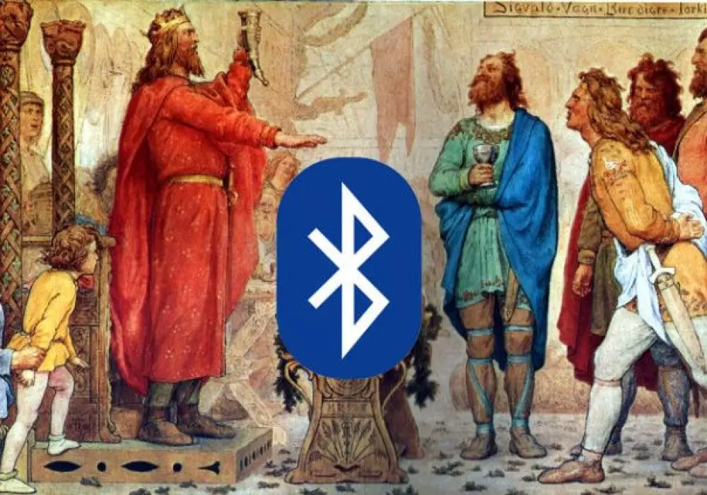 Технология Bluetooth (от англ. "синий зуб") предназначена для объединения нескольких устройств в одну сеть. А знак технологии является сочетанием двух скандинавских рун: "хагал" или "хагалаз" (Hagall) - аналог латинской H, и "беркана" (Berkana) - латинская B, что соответствует первым буквам имени Харальд Блатанд. Кстати, первые устройства, как нетрудно догадаться, были синего цвета и похожими на зуб.
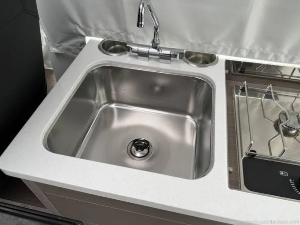 Corian covers on galley worktop above sink and stove + bar extension
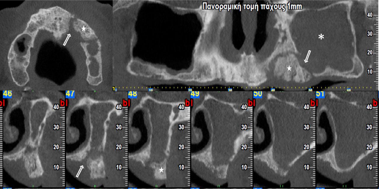 Cone Beam Computed Tomography of a cancer patient, who received antiresorptives. Osteolytic areas (arrows) and bone sequestrum (stars) are observed in the maxilla. Fullness of left sinus is also seen (asterisks). Patient was diagnosed with MRONJ stage 3.
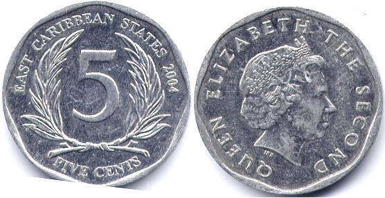 EAST CARIBBEAN STATES 2004 / 5 FIVE CENTS / Венок разделяет номинал цифрой и буквами
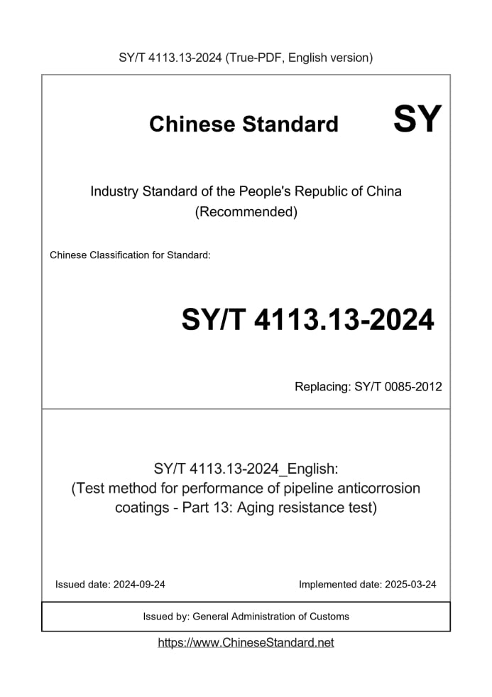 Delivery: <= 4 days. True-PDF full-copy in English will be manually translated and delivered via email. SY/T 4113.13-2024: (Test method for performance of pipeline anticorrosion coatings - Part 13: Aging resistance test) Status: Valid
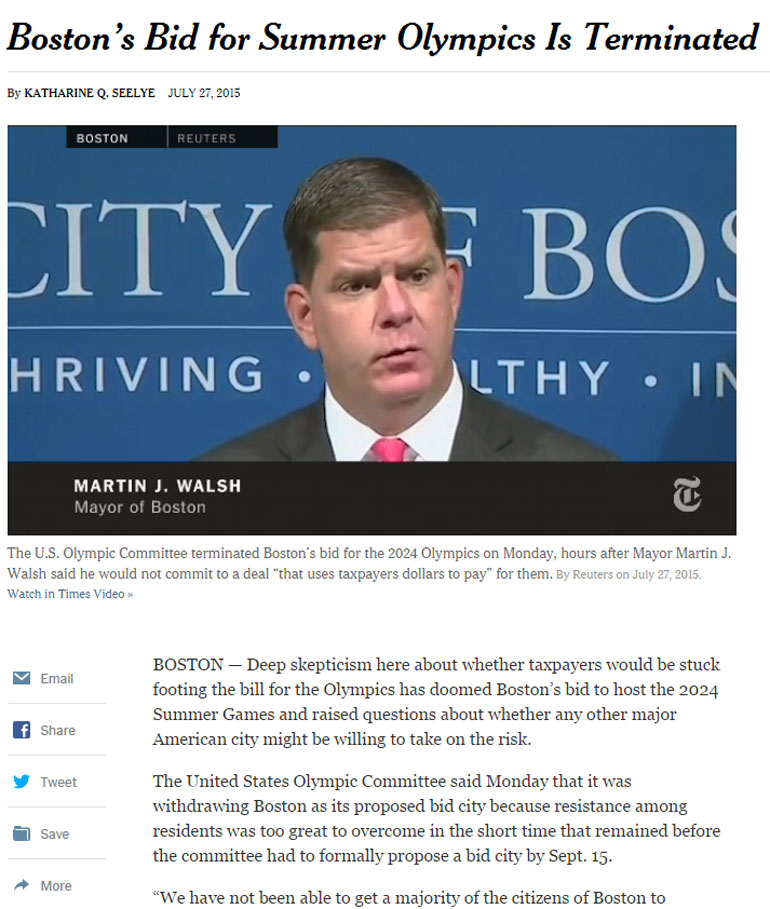 Νωρίτερα, αξιωματούχος της αμερικανικής Ολυμπιακής Επιτροπής είχε υποστηρίξει ότι η προσπάθεια διεξαγωγής των αγώνων στη Βοστόνη θα εγκαταλειφθεί λόγω της έντονης αντίθεσης της τοπικής κοινής γνώμης.
--
*WHAT THE EXERCISE ASKS*. What is needed is a verbatim copy of the entries, leaving out any pictures.

*ANSWER AREA*.
 Технология Bluetooth (от англ. "синий зуб") предназначена для объединения нескольких устройств в одну сеть. А знак технологии является сочетанием двух скандинавских рун: "хагал" или "хагалаз" (Hagall) - аналог латинской H, и "беркана" (Berkana) - латинская B, что соответствует первым буквам имени Харальд Блатанд. Кстати, первые устройства, как нетрудно догадаться, были синего цвета и похожими на зуб.
 Corian covers on galley worktop above sink and stove + bar extension
 Cone Beam Computed Tomography of a cancer patient, who received antiresorptives. Osteolytic areas (arrows) and bone sequestrum (stars) are observed in the maxilla. Fullness of left sinus is also seen (asterisks). Patient was diagnosed with MRONJ stage 3.
 EAST CARIBBEAN STATES 2004 / 5 FIVE CENTS / Венок разделяет номинал цифрой и буквами
 Delivery: <= 4 days. True-PDF full-copy in English will be manually translated and delivered via email. SY/T 4113.13-2024: (Test method for performance of pipeline anticorrosion coatings - Part 13: Aging resistance test) Status: Valid
 Νωρίτερα, αξιωματούχος της αμερικανικής Ολυμπιακής Επιτροπής είχε υποστηρίξει ότι η προσπάθεια διεξαγωγής των αγώνων στη Βοστόνη θα εγκαταλειφθεί λόγω της έντονης αντίθεσης της τοπικής κοινής γνώμης.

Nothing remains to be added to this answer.